5. Investasi bagi komunitas. Lebih lanjut, Biden mengatakan serangan bersenjata di komunitas kulit berwarna di perkotaan sebagai penyebab utama kematian anak laki-laki dan warga laki-laki kulit hitam antara usia 15-34 tahun di AS. Selain kerusakan psikologis pada komunitas-komunitas itu, dia juga menekankan adanya kerugian moneter yang cukup besar akibat kekerasan senjata untuk biaya rumah sakit, terapi fisik, konseling trauma, biaya proses pengadilan, biaya di penjara dan kerugian akibat hilangnya produktivitas. Semuanya akan lebih baik bila diinvestasikan untuk membangun komunitas setempat.

6. Biden juga mengumumkan bahwa ia akan mencalonkan pengacara pengawas senjata David Chipman sebagai Kepala Biro Alkohol, Tembakau, Senjata Api, dan Bahan Peledak (ATF), yang sejak 2015 tidak memiliki direktur tetap. 

Cukup berdoanya, sekarang waktunya bertindak

Biden mengatakan aspek terpenting dari pekerjaannya sebagai presiden adalah "melindungi rakyat Amerika," dan dia meminta Kongres untuk membantunya melakukan hal itu. Namun, dia mengeluhkan kenyataan bahwa para politisi "telah banyak memberikan pikiran dan doa, tetapi gagal untuk memperkenalkan satu undang-undang untuk mengurangi kekerasan senjata."

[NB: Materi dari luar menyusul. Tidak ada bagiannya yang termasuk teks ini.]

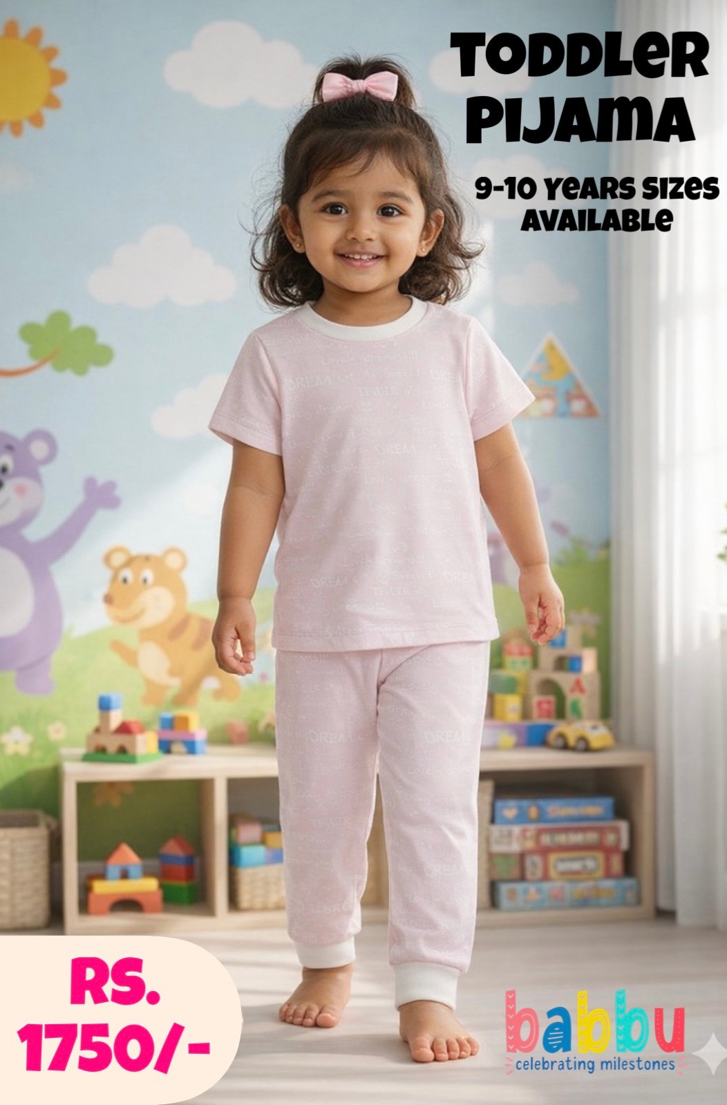 Pijamas Long Sleeve 9-10 Years – Baby Pink with Smile Print
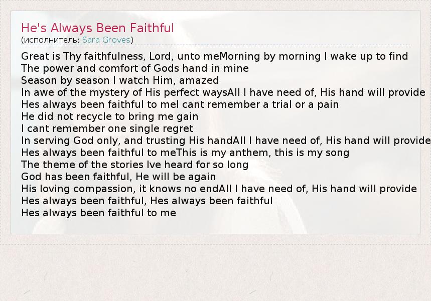 А как ты думаешь, о чем песня "He's Always Been Faithful" ?
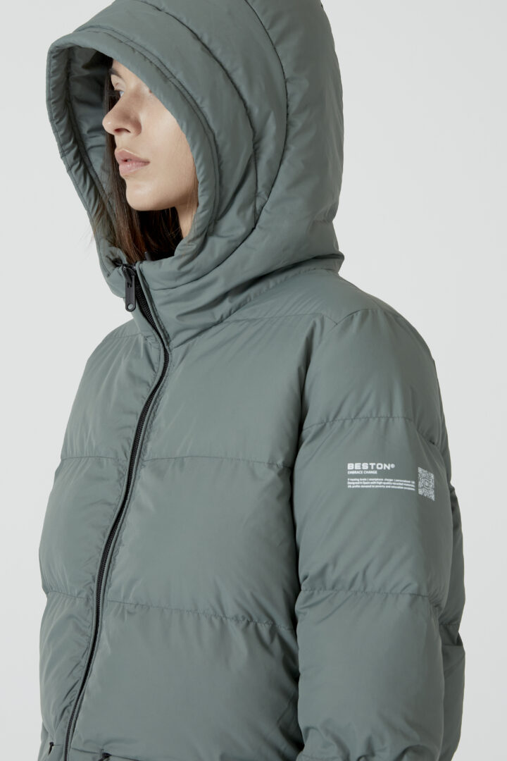 Heat-In Technology 2.0 coat: 9 adjustable temperature options, 5 optimized heating zones, with mobile charging functionality and up to 6 and a half hours of duration (battery included in delivery). Integrated personalized QR: Includes your professional, social and emergency profile. Made with certified recycled materials.
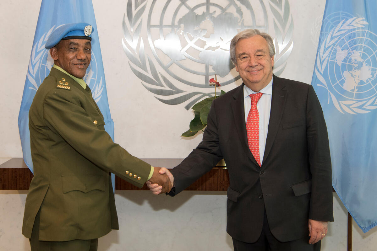 Secretary-General António Guterres (right) meets with Major-General Gebre Adhana Woldezgu, incoming Force Commander and Acting Head of Mission for the United Nations Interim Security Force for Abyei (UNISFA).
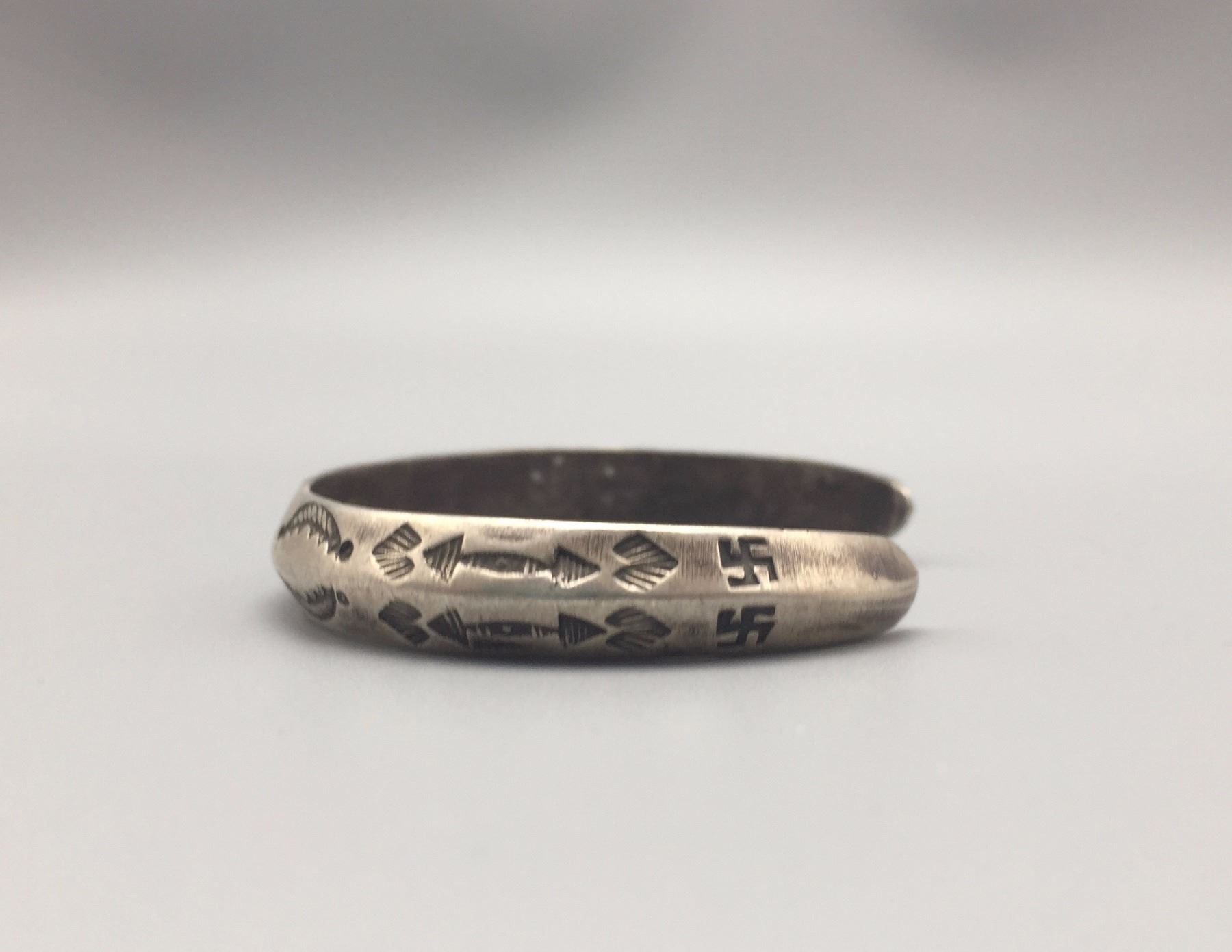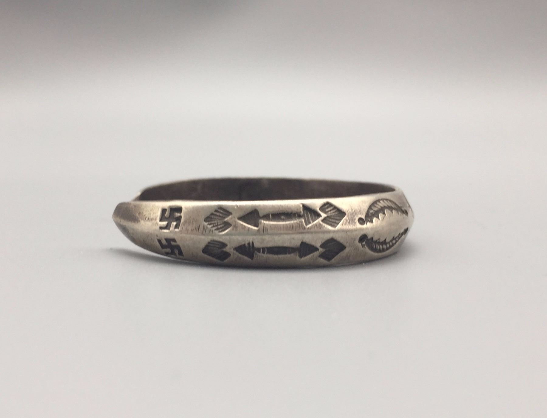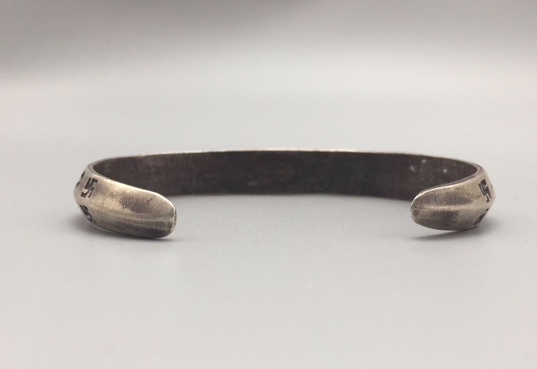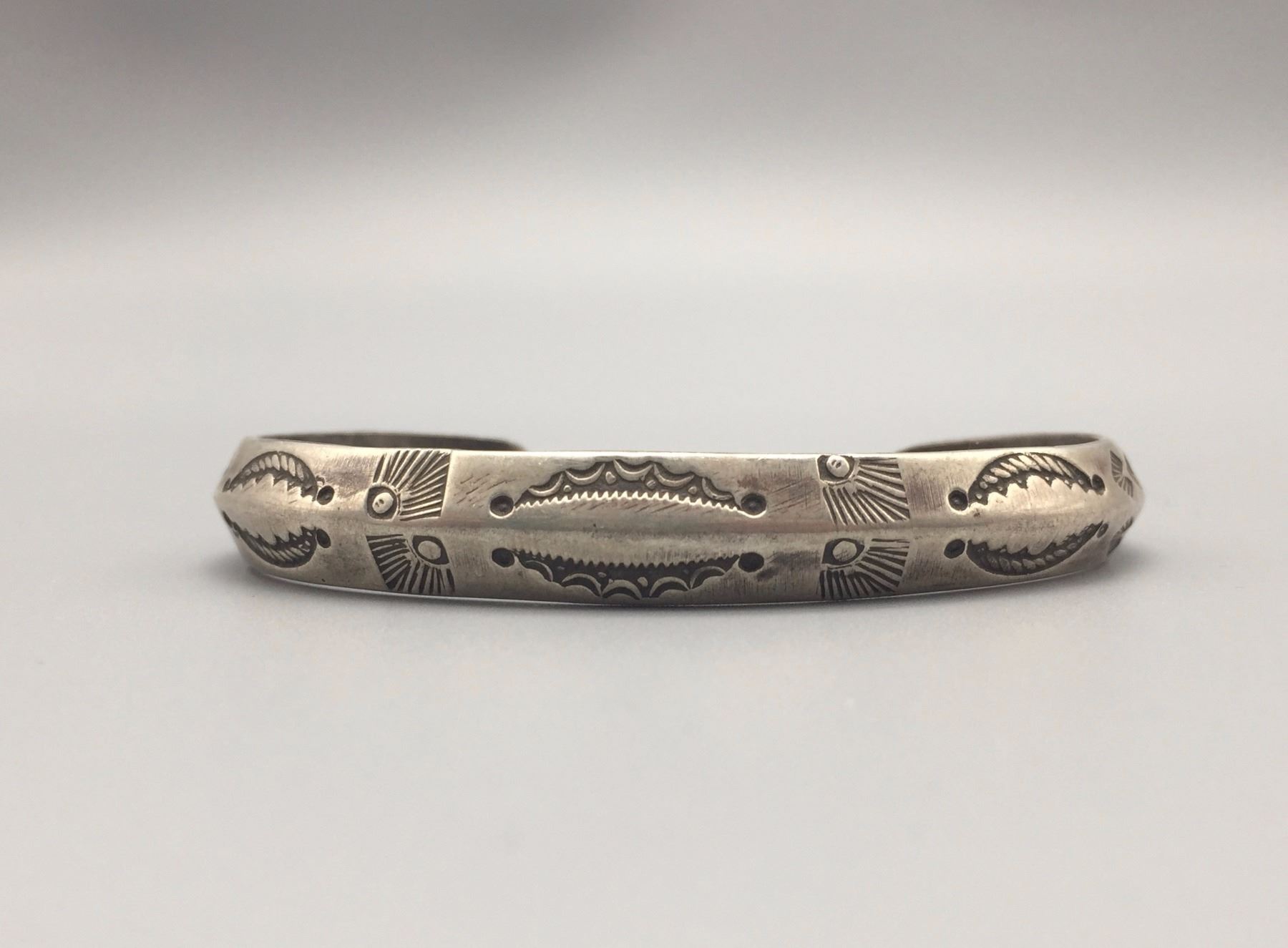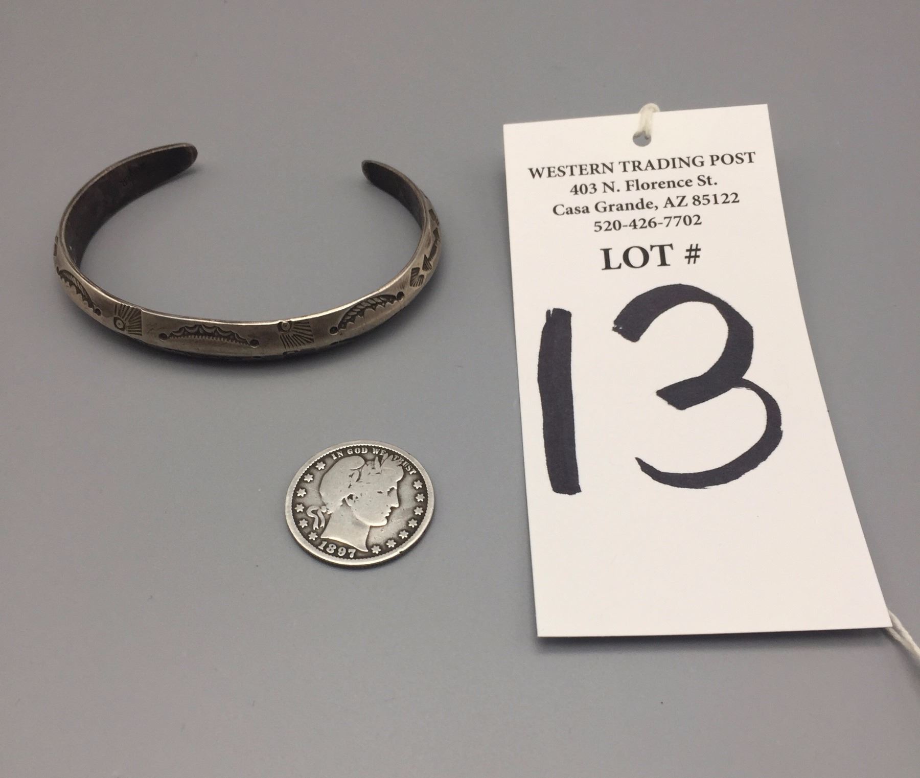 Maker: Unknown, no hallmarks evident. Approx. Age: Fairly modern, but retro style. Size: Inside circumference measures 5 3/4” with an additional 1 1/4” opening (making it fit an approx. 7” wrist), 3/8” w and weighs 31.5 g. Additional Info: Handmade, hammered, coin silver ingot bracelet. Condition: Good, normal wear expected. Please look closely at the pictures - they are an important part of our description. Shipping: There will be a $5 handling / packaging fee for shipping this lot. The actual cost of postage will be added on top of that.

Dia juga meminta Senat untuk bertindak dan menyetujui RUU yang dirancang untuk menutup celah yang ada pada pemeriksaan latar belakang untuk melakukan pertunjukan senjata atau pembelian online. Celah ini disebut celah Charleston dan memungkinkan dijualnya senjata kepada individu yang meski pemeriksaan latar belakang oleh FBI belum selesai. Nama Charleston mengacu pada kasus yang memungkinkan seorang supremasi kulit putih untuk membeli senjata yang digunakan untuk membunuh sembilan pengunjung gereja kulit hitam di Charleston, Carolina Selatan, pada 2015.

RUU ini juga dirancang untuk mengesahkan kembali Undang-Undang Kekerasan Terhadap Perempuan yang akan menyita senjata dari tangan pacar dan penguntit yang menurut pengadilan rawan melakukan tindakan kekerasan dan ancaman.

"Pemeriksaan latar belakang secara universal," kata Biden, "bukanlah masalah partisan." Ia menekankan bahwa pemeriksaan ini juga "didukung oleh sebagian besar orang Amerika dan sebagian besar pemilik senjata."